Proses pembuatan sauerkraut yaitu dengan penambahan garam pada
kubis dan pengadukan serata mungkin sambil ditekan-tekan dan
mengeluarkan air. Penekanan dan pemberian garam pada proses
peragian/pengawetan dimaksudkan agar cairan dalam kubis keluar
dan mencegah pembusukan. Cairan bahan tersebut banyak
mengandung gula, protein, lemak dan mineral yang merupakan media
selektif bagi pertumbuhan bakteri dan mikroba lain. Setelah itu
prosesnya adalah pemasukkan kubis kedalam botol wadah, kubis
tersebut harus tercelup semua ke dalam larutan garam, hal ini
dilakukan untuk mencegah terjadinya pertumbuhan khamir dan
kapang yang tidak diinginkan selama proses fermentasi. Setelah itu.

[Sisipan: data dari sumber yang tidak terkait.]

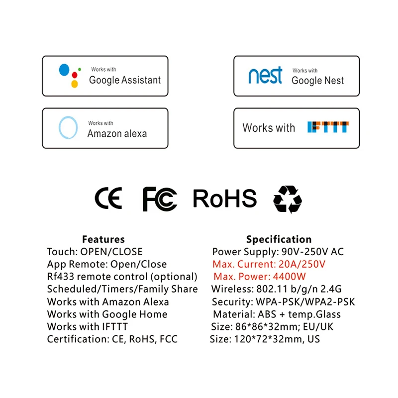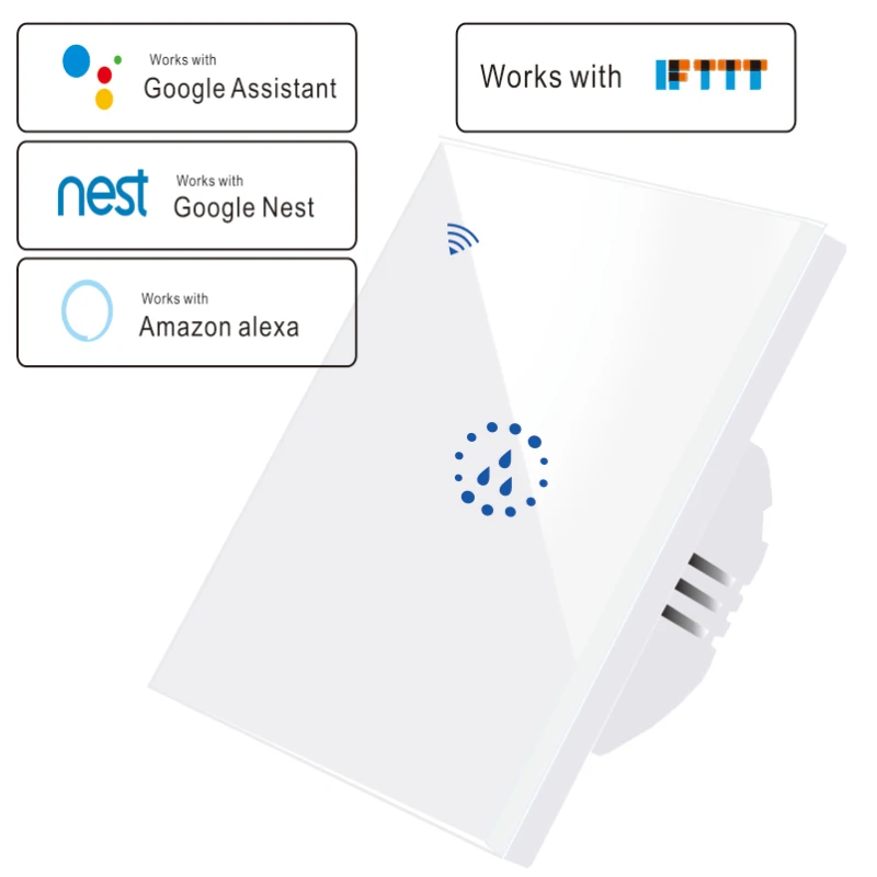 Переключатель может быть совместим с мобильной системой iOS и Android, работает с Amazon Alexa / Echo, Google Home.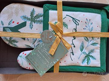 Set guantone da forno e presina. Ditta: Amo la casa Dimensioni cm. : 18x30 e 17x17 Rivestimento: 100% cotone Imbottitura. 100% poliestere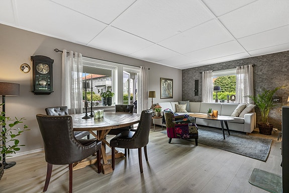 Stuen og spisestuen er et imponerende rom hvor store vindusflater, masse lys og herlig romfølelse dominerer inntrykkene.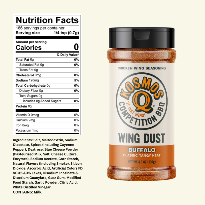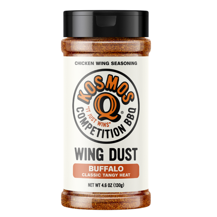 "Kosmo's Q Buffalo Wing Dust Rub" suteikia legendinio amerikietiškojo Buffalo padažo skonį - ir visa tai be netvarkos. Šis aštrus ir šiek tiek kreminis įtrinimas specialiai sukurtas vištienos sparneliams, bet juo taip pat puikiai tinka popkornai, keptos bulvytės, keptos daržovės ar net sumuštiniai.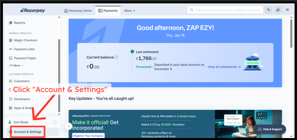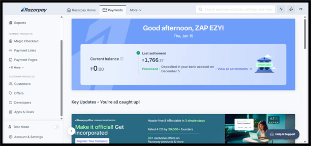 1. Why do I see "You're in Test Mode" in the Razorpay Dashboard?

penambahan merica bubuk pada fermentasi sauerkraut yang
berfungsi sebagai zat antimikroba. Zat antimikroba adalah senyawa
yang dapat membunuh atau menghambat pertumbuhan
mikroorganisme. Zat antimikroba dapat bersifat membunuh
mikroorganisme (microbicidal) atau menghambat pertumbuhan
mikroorganisme (microbiostatic). Dalam industri pangan zat
antimikroba digunakan dalam teknik pengawetan makanan. Hal ini
dikarenakan makanan dan minuman mengalami kerusakan karena
aktivitas mikroorganisme. aktivitas mikroorganisme ini selain
menyebabkan kerusakan juga dapat menghasilkan toksin yang
mengakibatkan keracunan (Anonim, 2010). Merica juga mempunyai
kemampuan menghambat jamur dan bakteri. Antimikroba yang
berperan pada merica yaitu jenis capcaisin. Capcaisin merupakan
komponen aktif dominan yang berperan terhadap aktivitas
antimikroba merica. Setelah itu, permukaan botol wadah ditutupi
dengan lembaran plastik, lalu diletakan pemberat diatasnya yang
berisi larutan garam dengan kosentrasi sama. Fungsinya untuk
mengurangi udara dalam irisan sawi. Toples disimpan dalam ruangan
gelap.
Leuconostoc mesenteroides memulai fermentasi yang kemudian
dilanjutkan oleh jenis yang lebih tahan asam yaitu Lactobacillus
brevis, Lactobacillus plantarum dan Peiococcus sereviseae. Suhu di
antara 25-30oC merupakan suhu optimal untuk mutu produk dan
fermentasi yang sempurna dapat terjadi dalam waktu 2-3 minggu
(Purnomo, 1985).
Garam pada pembuat sauerkraut ini menarik air dan zat-zat gizi
dari jaringan sayuran. Zat-zat gizi tersebut melengkapi substrat untuk
pertumbuhan bakteri asam laktat yang telah terdapat di permukaan
daun-daun kubis. Garam dan asam yang dihasilkan dari proses
fermentasi akan menghambat pertumbuhan mikroorganisme yang
tidak diinginkan dan menunda pelunakan jaringan kubis yang
disebabkan oleh kerja enzim. Jika konsentrasi garam yang digunakan
untuk proses fermentasi terlalu rendah, maka terjadi proses
pelunakan jaringan buah dan sayur akibat dari aktivitas enzim
pektinolitik. Enzim ini berfungsi untuk mendegradasi molekul pektin
yang banyak ditemukan pada sel tanaman. Sebaliknya apabila jumlah
garam yang terlalu banyak justru akan menunda fermentasi alamiah,
menyebabkan warna menjadi gelap, dan memungkinkan pula
pertumbuhan khamir (Buckle d. , 1987)
Setelah penyimpanan selama 7 hari, sauerkraut ini memiliki warna
akhir atau yang telah terfermentasi yaitu putih kekuningan. Warna
awal dari kubis yaitu hijau. Hasil dari pembuatan sauerkraut yang
telah dibuat sesuai dengan karakteristik standar fermentasi sauerkraut
yaitu putih kekuningan. Warna putih kekuningan ini diperoleh dari
serangkaian proses pada saat fermentasi. Hal ini sesuai dengan
karakteristik keberhasilan dari fermentasi sauerkraut. Selain itu dari
aroma, aroma yang dihasilkan pada proses fermentasi yaitu asam
seperti acar. Yang menjadi ciri khas aroma dari sauerkraut sendiri
yaitu aroma dari bahan baku untuk pembuatan sauerkraut masih ada.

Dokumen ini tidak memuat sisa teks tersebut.